A personal connection
Young, a UCLA predoctoral fellow and president of a UCLA student group called Bruin Allies for Duchenne, is particularly passionate about Duchenne research because she has a cousin with the disease.
“I already knew I was interested in science, so after my cousin’s diagnosis, I decided to dedicate my career to finding a cure for Duchenne,” Young said. “It makes everything a lot more meaningful, knowing that I’m doing something to help all the boys who will come after my cousin.

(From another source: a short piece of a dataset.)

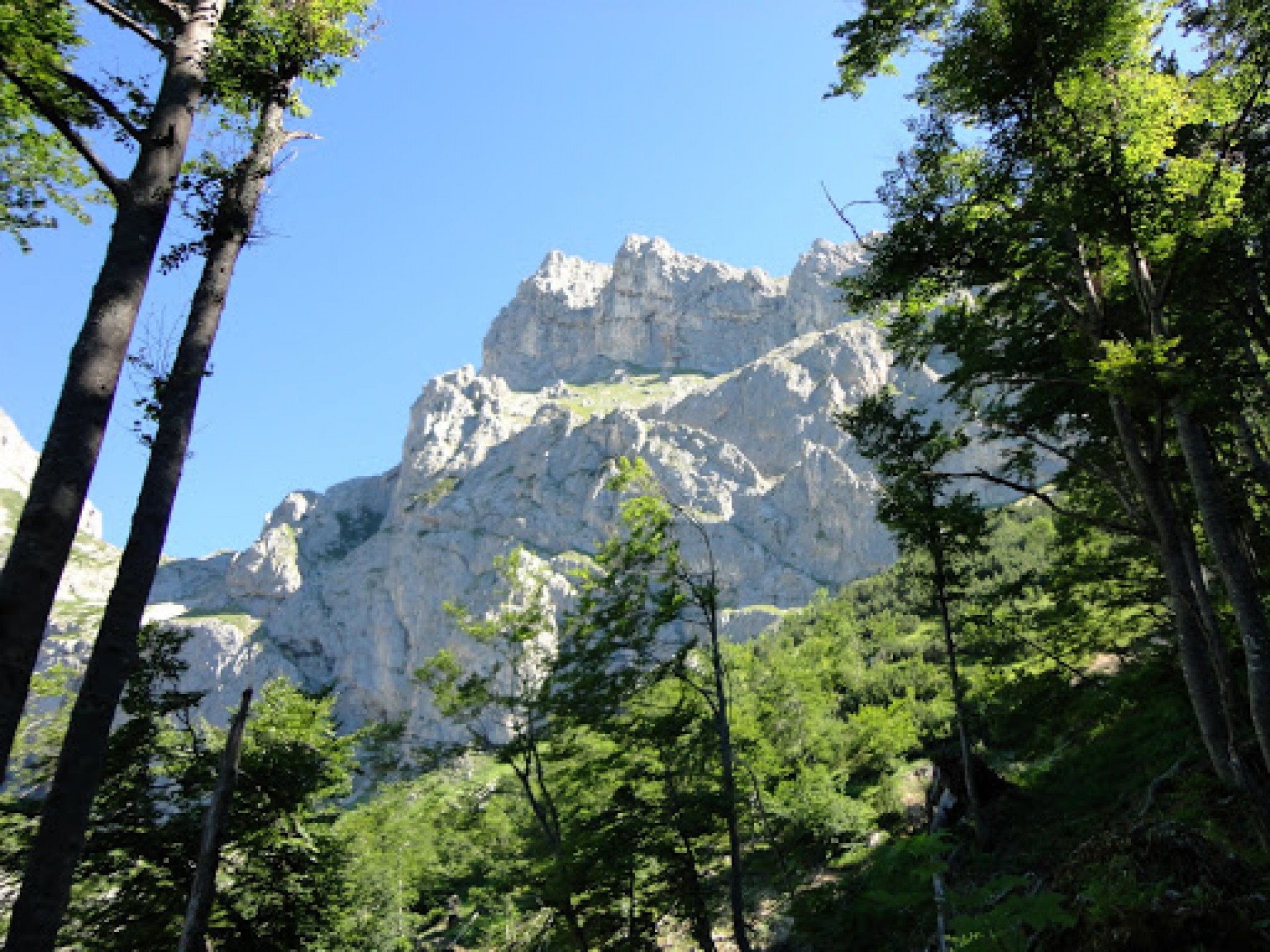 V piatok Dušan a Tomáš vyrazili skoro ráno smer Rakúsko, konkrétne Národný park Gesäuse a ešte konkrétnejšie kemp Forstgarten Gstatterboden. Tu sme po príchode postavili náš nový stan Husky Falcon (môžeme len odporučiť) a pre 11. hodinou sme začali šliapať na Grosser Buchstein. Bol to celkom neskorý čas na tak náročnú a dlhú túru, ale vedeli sme, že predpoveď počasia je priaznivá. Najprv sme stúpali ponad údolie rieky Enns a križovali lesné. štrkové cesty. Pri údolnej stanici materiálovej lanovky sa charakter chodníka zmenil na skutočný úzky lesný chodník. Po serpentínach sme vyšli na chatu Buchsteinhaus (1571 m n.m.). Tu sme počas krátkeho oddychu urobili zásadnú chybu. Dali sme si schuti jedno pivo. Na chatou vedie chodník kosodrevinou a medzi skalami a boli sme celý čas na slnku. Síce sme sa nespálili vďaka ochranným krémom, ale zato pivo nám spôsobilo "olovené nohy". Ledva sme sa vliekli. K nástupu na feratu Südwandbandsteig to bolo ešte niekoľko stoviek výškových metrov.

I feel like I’m contributing and I’m excited because the field of Duchenne research is advancing in a really positive direction.”
Duchenne muscular dystrophy is the most common and severe of the 30 forms of muscular dystrophy.
The UCLA researchers plan to develop strategies to test the Duchenne-specific CRISPR/Cas9 platform to treat the disease in animals as the next step toward perfecting a method that can be used in humans.
The CRISPR/Cas9 platform for Duchenne developed by the UCLA scientists is not yet available in clinical trials and has not been approved by the FDA for use in humans.
The research was supported by the National Science Foundation Graduate Research Fellowship Program, the National Institute of Arthritis and Musculoskeletal and Skin Diseases of the National Institutes of Health, the Rose Hills Foundation Research Award, the California Institute for Regenerative Medicine’s Bridges Program and the UCLA Broad Stem Cell Research Center. The FDA-compliant facility was supported by a grant from the California Institute for Regenerative Medicine.